• [Available records]:
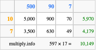 Finally, we add up all the sums we found in step 3 to get our final answer to 597 times 17.
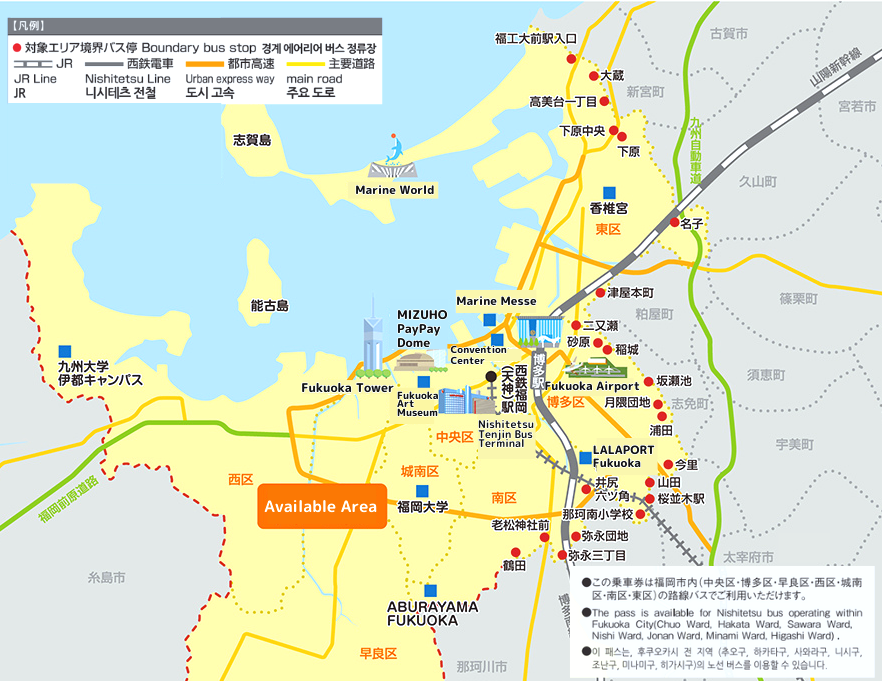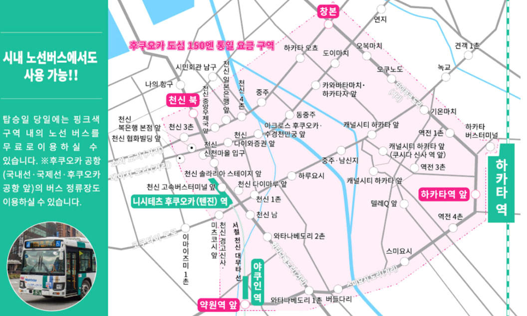 - 이용 가능 노선: 후쿠오카 전지역(추오구, 하카타구, 시와라구, 니시구, 조난구, 미나미구, 히가시구)의 노선 버스를 이용할 수 있습니다.
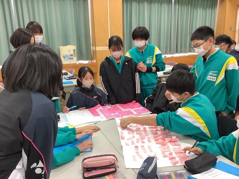 昼休みの時間、生徒会役員が集まり、集めた漢字の集計作業を行いました。たくさんの漢字とその理由が集まりました。理由を読んでみると、なるほどな、という理由がたくさんありました。各々、学校行事や部活動、そして勉強に対して思い入れがあり、当然ながら重みも違います。一人ひとりに焦点をあてて、理由もたくさん紹介したいなと思います。そして、その漢字を受けて、来年はどんな目標に向かって生活をしていきたいかを考えるきっかけにしたいですね。
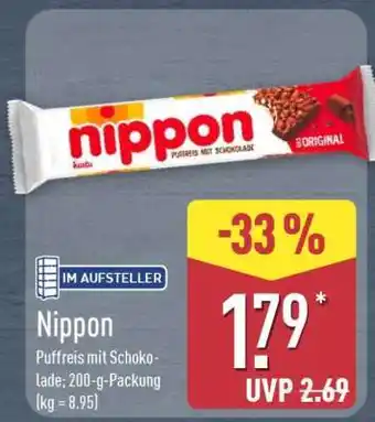 Abgesehen von NIPPON, bietet Aldi Nord eine Menge anderer Artikel an. Behalten Sie den wöchentlichen Aldi Nord Prospekt im Blick, um die besten Angebote und Aktionen nicht zu verpassen. Abgesehen von NIPPON können Sie weitere, interessante Angebote entdecken: Nippon, Nippon & nippon Puffreis mit Schokolade.
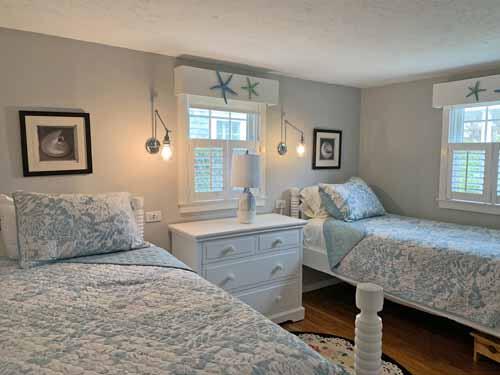 This ranch style cottage is located at the Stone Barn Inn. Great location and a short distance to Jetties Beach. Cathedral ceiling living room open to dining area and galley style kitchen. Off of hallway a full bathroom, two twin bedrooms, master bedroom with shower bathroom. No smoking. Side patio, front deck both with deck furniture.
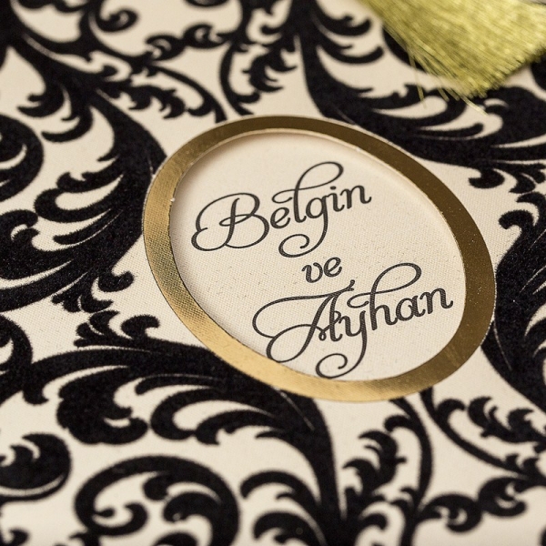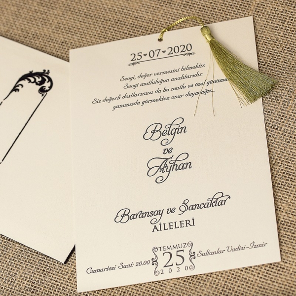 | Açıklama | Davetiye üsttten çekmeli bir modeldir. Davetiyenin üzerindeki siyah yerler kafife kaplamadır. Ayrıca püskülü gönderilmektedir. |

• [Exercise objective]: Output only the lines above from the line that holds "- 이용 가능 노선: 후쿠오카" through the line that holds "Abgesehen von NIPPON, bietet", both ends included, and exclude pictures.

• [Result of this task]:
 - 이용 가능 노선: 후쿠오카 전지역(추오구, 하카타구, 시와라구, 니시구, 조난구, 미나미구, 히가시구)의 노선 버스를 이용할 수 있습니다.
 昼休みの時間、生徒会役員が集まり、集めた漢字の集計作業を行いました。たくさんの漢字とその理由が集まりました。理由を読んでみると、なるほどな、という理由がたくさんありました。各々、学校行事や部活動、そして勉強に対して思い入れがあり、当然ながら重みも違います。一人ひとりに焦点をあてて、理由もたくさん紹介したいなと思います。そして、その漢字を受けて、来年はどんな目標に向かって生活をしていきたいかを考えるきっかけにしたいですね。
 Abgesehen von NIPPON, bietet Aldi Nord eine Menge anderer Artikel an. Behalten Sie den wöchentlichen Aldi Nord Prospekt im Blick, um die besten Angebote und Aktionen nicht zu verpassen. Abgesehen von NIPPON können Sie weitere, interessante Angebote entdecken: Nippon, Nippon & nippon Puffreis mit Schokolade.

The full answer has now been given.